(Collected data entries)

++++++++++++++++++++

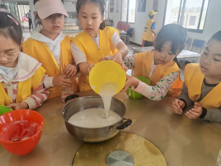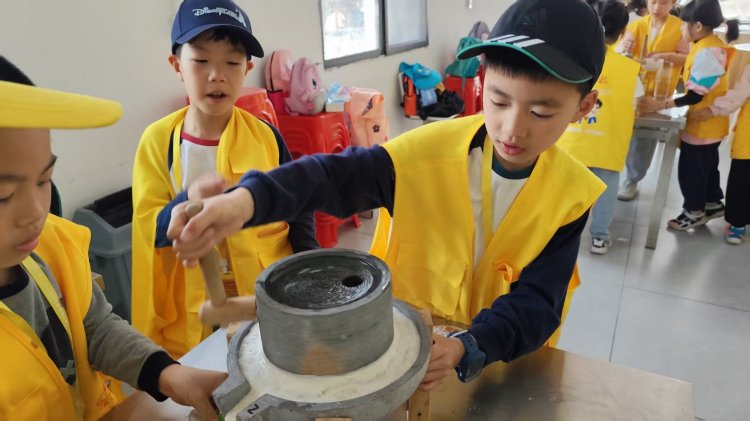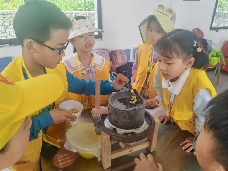 最热闹的场景总在青石磨盘前上演。“推磨要像小乌龟走路,慢慢来!”导师话音未落,几个急性子的小记者已握住磨柄,“一!二!”随着口号,磨盘开始笨拙地转动。“看!我的豆浆像下雨!”一个小男孩惊喜地指着磨眼滴落的乳白汁液。不一会儿,石磨四周便氤氲起奶白色的雾气,豆香裹着山风钻进鼻腔。当铁锅里豆浆翻滚如沸泉,孩子们围成一圈唱起自创的《石磨谣》:“转呀转,滴滴答,豆香飘进云朵家……”老师们将豆浆煮好舀进杯子里,小记者们品尝着自己的劳动成果,觉得格外的香甜。
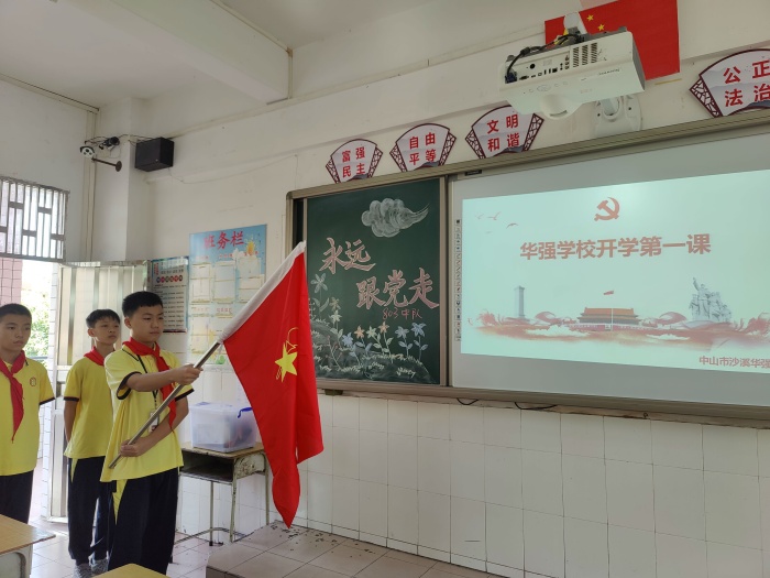 為開展好黨史學習教育,激發(fā)廣大師生愛國熱情,樹立起民族自尊心、自信心和自豪感,讓紅色基因、革命薪火代代相傳,9月1日,華強學校開展2021年秋季學期“永遠跟黨走”開學第一課主題活動。
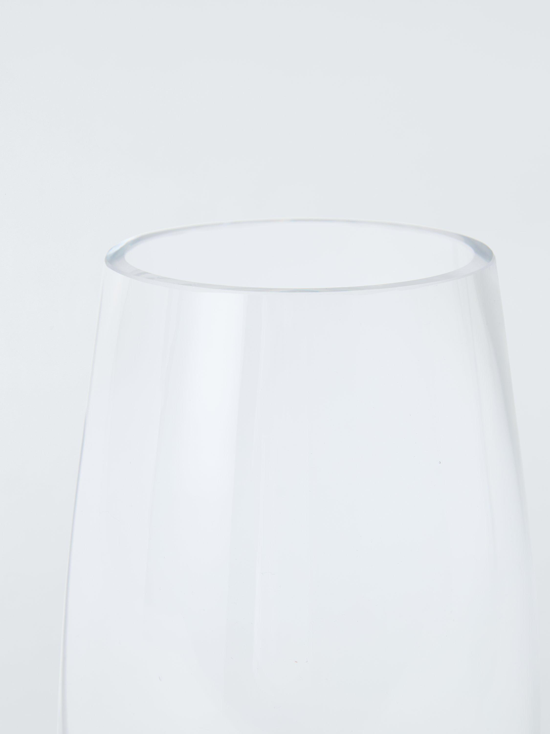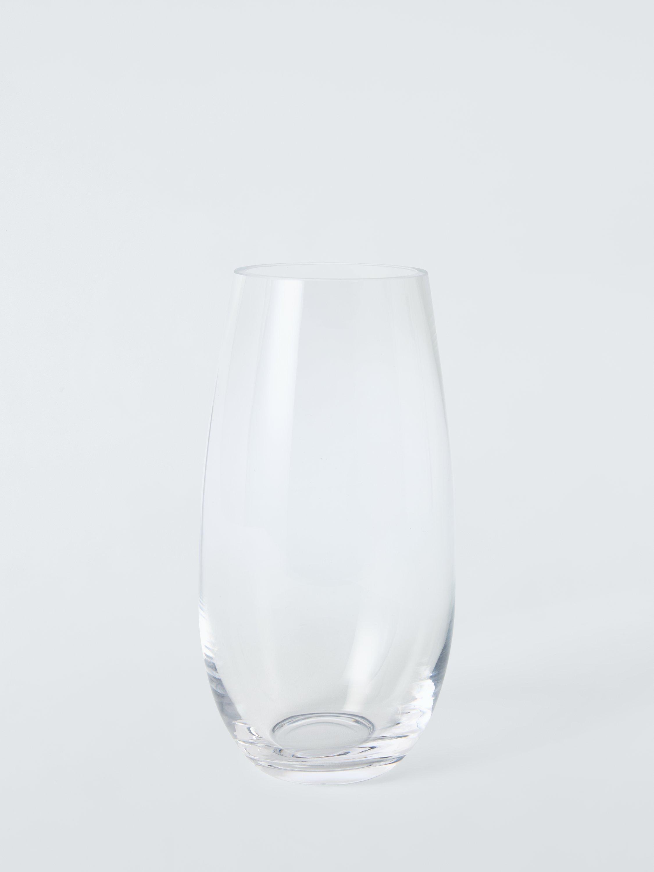 Barrel-shaped for displaying mixed bouquets, this glass vase has a simple design that keeps the focus on the florals.
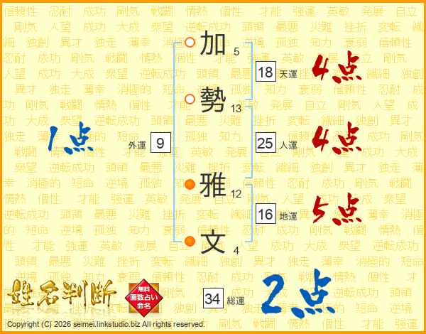 加勢雅文さんの総運は34画の2点!
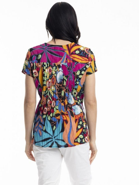 Orientique Womens Copacabana Pleated Short Sleeve Top
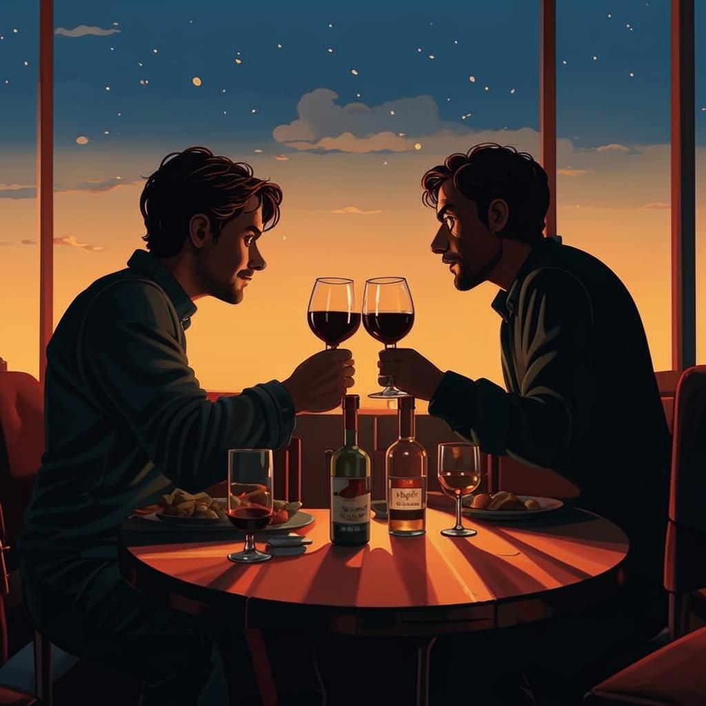 Я и день - сидим весь день, пьём вино.
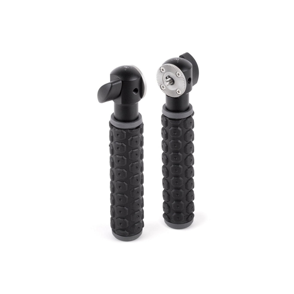 A pair of handles with ARRI style, 60 tooth rosette and M6 thumbscrew. Attaches to Rosette Arm, Universal ARRI Rosette Rod Bracket, Crossbar v2, Crossbar v3, or existing ARRI equipment. Available in Rubber or Brown Leather.
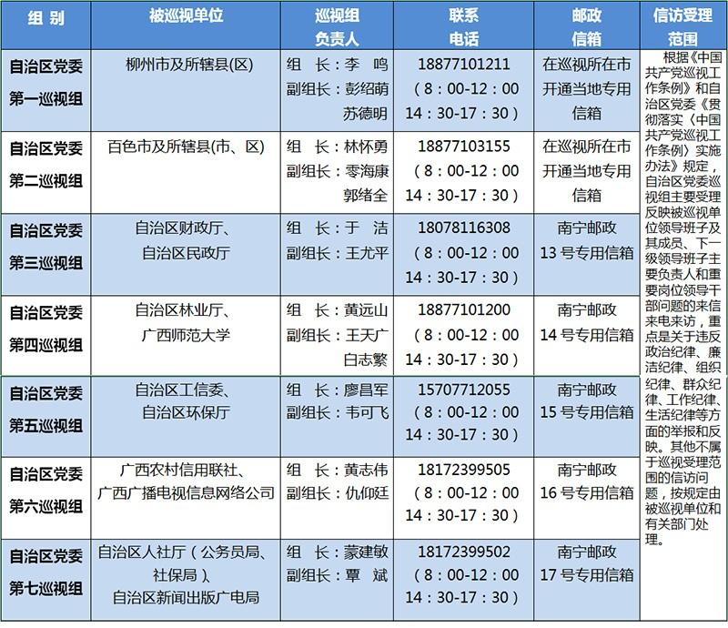 广西:7个巡视组对14个单位开展巡视 公布电话邮箱
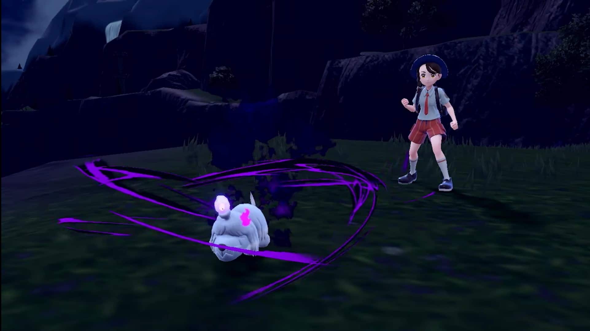 Nous avons d’abord pu visionner une séquence dans laquelle une étudiante de l’académie Orange avait été envoyée en mission pour faire des recherches sur les pokémons de type spectre. Et après être tombée nez-à-nez avec les pokémons bien connus que sont Mimiqui et Ectoplasma, la dresseuse s’est retrouvée face à une nouvelle bouille.
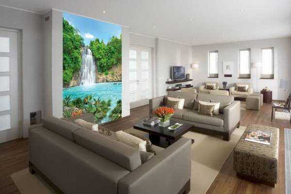 Гостиная является главной комнатой дома и поэтому ее хочется оформить неординарно. Для гостиной изображение на фотообоях следует подбирать, учитывая ее общий стиль. Необходимо помнить, что фотообои влияют на настроение и атмосферу помещения, поэтому лучше не использовать необычные навязчивые изображения. Цвет тоже может сказываться на общем восприятии – интерьер становится светлым или темным, теплым или холодным. Если в гостиной недостаточно светло, то выйти из положения можно с помощью обоев с солнечным зимним или летним пейзажем.
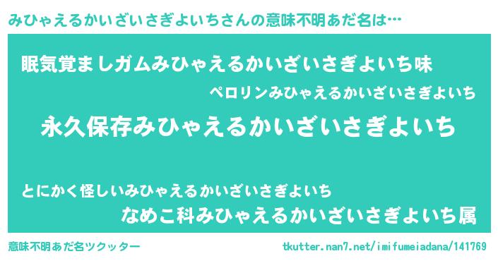| ヘコむあだ名 | 『みひゃえるかいざいさぎよいち(笑)』 |
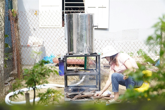 Kiều said the T-sona hot water stove system consists of a double stove, insulated stainless steel tanks with capacities of 75 litres and 150 litres, water pipes, and a water pressure regulator, which are easily assembled.

++++++++++++++++++++

Here the job is to print all the data exactly, skipping any image.

 最热闹的场景总在青石磨盘前上演。“推磨要像小乌龟走路,慢慢来!”导师话音未落,几个急性子的小记者已握住磨柄,“一!二!”随着口号,磨盘开始笨拙地转动。“看!我的豆浆像下雨!”一个小男孩惊喜地指着磨眼滴落的乳白汁液。不一会儿,石磨四周便氤氲起奶白色的雾气,豆香裹着山风钻进鼻腔。当铁锅里豆浆翻滚如沸泉,孩子们围成一圈唱起自创的《石磨谣》:“转呀转,滴滴答,豆香飘进云朵家……”老师们将豆浆煮好舀进杯子里,小记者们品尝着自己的劳动成果,觉得格外的香甜。
 為開展好黨史學習教育,激發(fā)廣大師生愛國熱情,樹立起民族自尊心、自信心和自豪感,讓紅色基因、革命薪火代代相傳,9月1日,華強學校開展2021年秋季學期“永遠跟黨走”開學第一課主題活動。
 Barrel-shaped for displaying mixed bouquets, this glass vase has a simple design that keeps the focus on the florals.
 加勢雅文さんの総運は34画の2点!
 Orientique Womens Copacabana Pleated Short Sleeve Top
 Я и день - сидим весь день, пьём вино.
 A pair of handles with ARRI style, 60 tooth rosette and M6 thumbscrew. Attaches to Rosette Arm, Universal ARRI Rosette Rod Bracket, Crossbar v2, Crossbar v3, or existing ARRI equipment. Available in Rubber or Brown Leather.
 广西:7个巡视组对14个单位开展巡视 公布电话邮箱
 Nous avons d’abord pu visionner une séquence dans laquelle une étudiante de l’académie Orange avait été envoyée en mission pour faire des recherches sur les pokémons de type spectre. Et après être tombée nez-à-nez avec les pokémons bien connus que sont Mimiqui et Ectoplasma, la dresseuse s’est retrouvée face à une nouvelle bouille.
 Гостиная является главной комнатой дома и поэтому ее хочется оформить неординарно. Для гостиной изображение на фотообоях следует подбирать, учитывая ее общий стиль. Необходимо помнить, что фотообои влияют на настроение и атмосферу помещения, поэтому лучше не использовать необычные навязчивые изображения. Цвет тоже может сказываться на общем восприятии – интерьер становится светлым или темным, теплым или холодным. Если в гостиной недостаточно светло, то выйти из положения можно с помощью обоев с солнечным зимним или летним пейзажем.
| ヘコむあだ名 | 『みひゃえるかいざいさぎよいち(笑)』 |
 Kiều said the T-sona hot water stove system consists of a double stove, insulated stainless steel tanks with capacities of 75 litres and 150 litres, water pipes, and a water pressure regulator, which are easily assembled.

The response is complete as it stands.